Sunday, August 24, 2008

Satisfaktionsfähig.

The historian ran across this anecdote from a year-old issue of The Nation, in a review of Thomas McCraw's biography of Joseph Schumpeter, a great conservative economist of the early to mid-twentieth century:
While still in his 20s [Schumpeter] won an appointment to a chair in Czernowitz, an eastern outpost of the Austro-Hungarian Empire,where he found that his students were denied proper access to the library. Challenged to a duel by the school's librarian, he fought to help his students and, not least, to defend his honor--satisfaktionsfähig--as an Austrian gentleman. By virtue of his swordsmanship, Schumpeter drew first blood, and the library's collection was made fully available to his students. (Robin Blackburn, "Perishable Goods,"The Nation September 24 2007)
The historian has been mulling over other occasions where duels might be called for.
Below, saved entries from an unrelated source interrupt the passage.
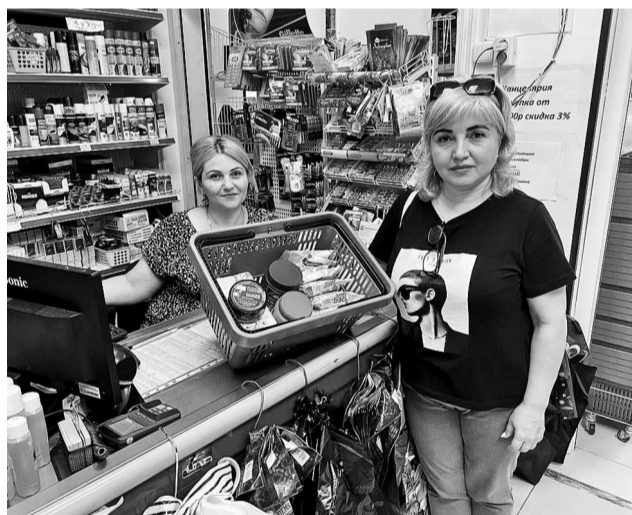
Продовольственные и промышленные товары Донбассу от предпринимателей Курского района.

Миролюбивый и гостеприимный Ставропольский край продолжает большую благотворительную акцию по оказанию всесторонней помощи жителям Народных Республик Донбасса.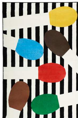
D1.8N Koberec rozbalovací = 1ks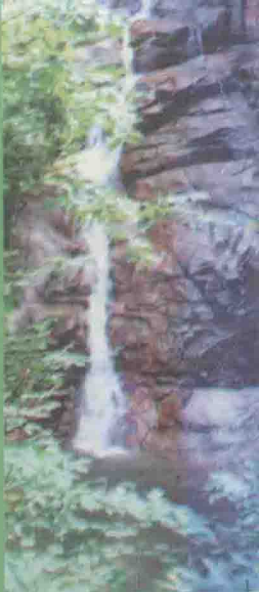
南湖瀑布无上清凉

Me, too. For instance, I have to renew my driver's license this week. What if my eye exam is dicey? Perhaps I will have to challenge the examiner to a duel? If the officers of the law insult my meadow again, definitely a duel, though I will call upon them to lay down their firearms. Fair is fair.

I can imagine all sorts of situations at work where duels might become necessary, which I shall not enumerate, but you go right ahead.

1 comment:

  1. I will duel the next MoFo who calls upon me to be a "brand ambassador."